PRESS RELEASE
GENEVA, February 20, 2009 — The United Nations Human Rights Council special session today on the financial crisis is a waste of the organization’s precious time, resources, and moral capital, said a human rights watchdog group.
“Instead of addressing outrages like China’s killings in Tibet, Russian brutality in Chechnya and Georgia, or radical Islamist terror in Mumbai, Kabul, Baghdad, and around the globe, the council is wasting its precious time, resources, and moral capital on an issue involving no clear violation, perpetrator or victim,” said Hillel Neuer, executive director of UN Watch, a Geneva based monitoring organization.
“Several other U.N. bodies deal with economic issues, but only one is mandated to deal with abuses of freedom of speech, religious repression and denial of political liberty,” said Neuer.
“The council is diverting attention from the world’s worst abusers and diluting the seriousness of the human rights agenda. It did this with an emergency session last year on the food crisis. The meeting was futile not least because the council, unlike other relevant international bodies, has neither power to exercise nor money to allocate. Today’s meeting will be equally futile.”

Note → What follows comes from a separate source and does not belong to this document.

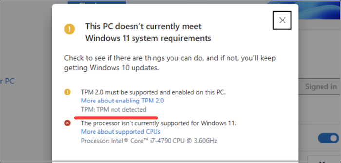 My Dell desktop PC runs Windows 10. When I downloaded the Windows 11 ISO and start the in-place upgrade, the Windows 11 setup program tell me: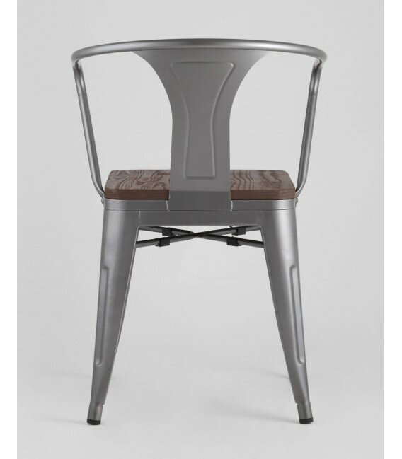Стул TOLIX ARM WOOD серебристый матовый + темное дерево(комплект 2 шт)

“If banking, mortgages and stocks are a human rights issue, what isn’t? If everything is a human right issue, then nothing is. It’s the same problem with the new UN report decrying extreme weather and dropping sea levels for ‘violating the rights of peoples’,” said Neuer.
“The political agenda here is a bit more than nothingness. Many dictatorships at the U.N. want to point an accusing finger at the failures of the democratic West, to convince their subjects of the superiority of repressive regimes ruled by the likes of Qaddafi, Castro, and the Chinese Communist Party.”
The council was created in 2006 to replace its discredited predecessor, the Commission on Human Rights. Despite claiming to be reformed, the 47-nation council actually intensified the disproportionate criticism of Israel that discredited the commission, in 21 of 26 council censures of countries, and in 5 out of 9 emergency sessions. The resolutions protested Israeli actions, but not those of Hamas and Hezbollah.